[Dataset extract]

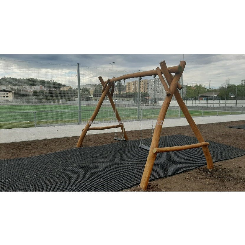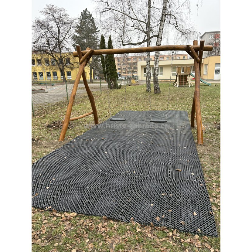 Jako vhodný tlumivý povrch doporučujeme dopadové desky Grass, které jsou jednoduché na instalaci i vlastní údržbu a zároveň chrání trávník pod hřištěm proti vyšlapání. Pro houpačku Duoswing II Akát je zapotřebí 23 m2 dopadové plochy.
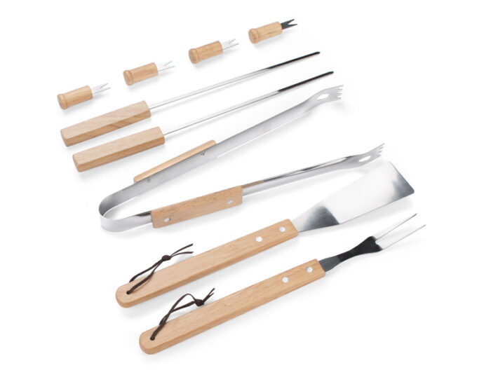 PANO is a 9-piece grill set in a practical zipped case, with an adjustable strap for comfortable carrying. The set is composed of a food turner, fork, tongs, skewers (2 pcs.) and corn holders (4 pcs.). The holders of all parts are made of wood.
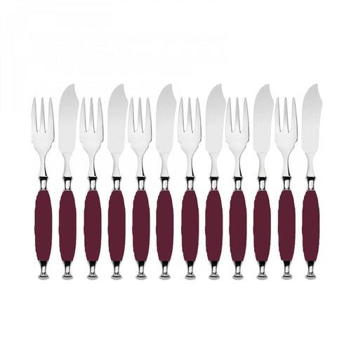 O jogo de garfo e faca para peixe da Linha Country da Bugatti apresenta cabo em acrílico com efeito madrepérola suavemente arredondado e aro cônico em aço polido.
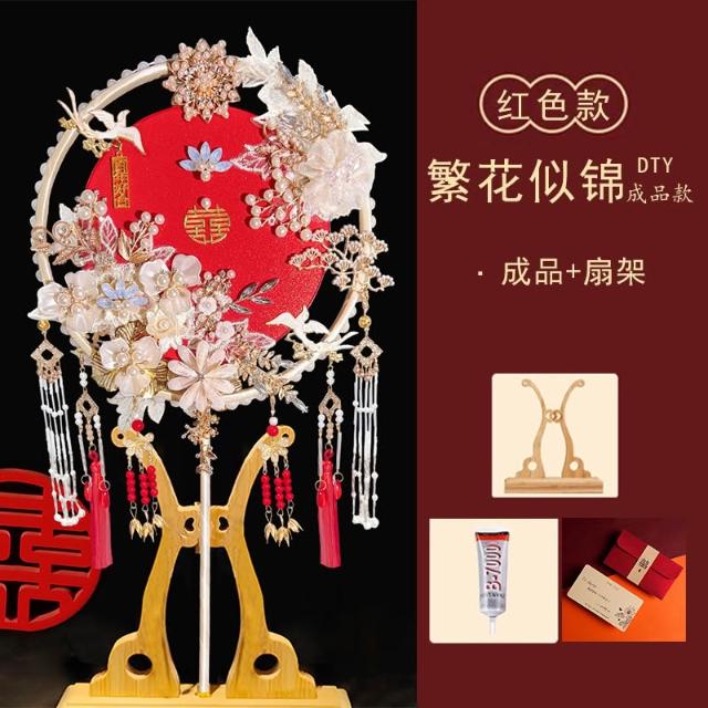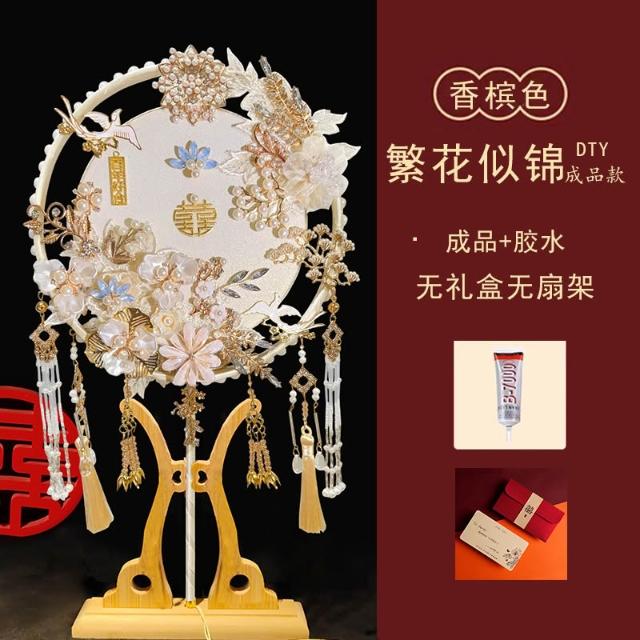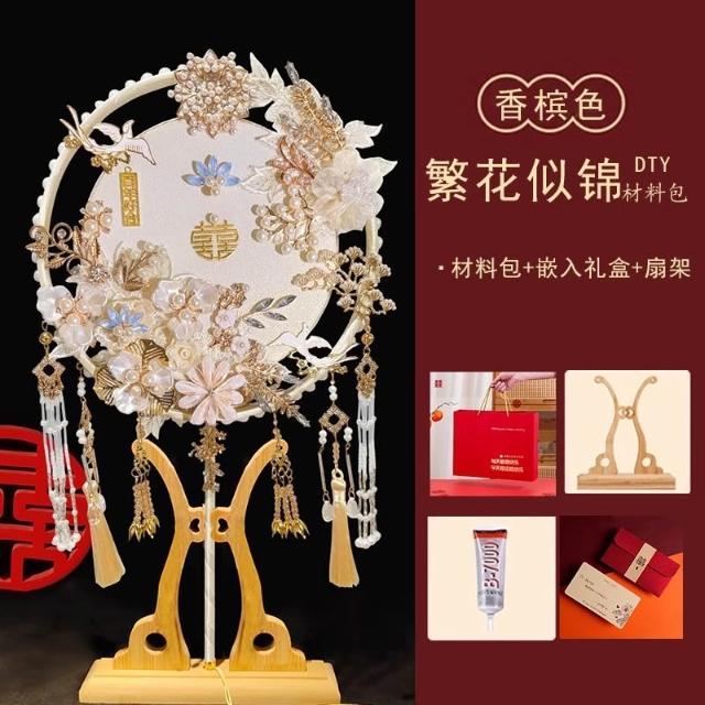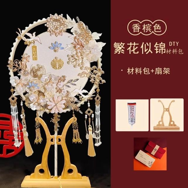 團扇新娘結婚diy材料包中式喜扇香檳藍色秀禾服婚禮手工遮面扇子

[/Dataset extract]

Write out all the data exactly, minus pictures.

 Jako vhodný tlumivý povrch doporučujeme dopadové desky Grass, které jsou jednoduché na instalaci i vlastní údržbu a zároveň chrání trávník pod hřištěm proti vyšlapání. Pro houpačku Duoswing II Akát je zapotřebí 23 m2 dopadové plochy.
 PANO is a 9-piece grill set in a practical zipped case, with an adjustable strap for comfortable carrying. The set is composed of a food turner, fork, tongs, skewers (2 pcs.) and corn holders (4 pcs.). The holders of all parts are made of wood.
 O jogo de garfo e faca para peixe da Linha Country da Bugatti apresenta cabo em acrílico com efeito madrepérola suavemente arredondado e aro cônico em aço polido.
 團扇新娘結婚diy材料包中式喜扇香檳藍色秀禾服婚禮手工遮面扇子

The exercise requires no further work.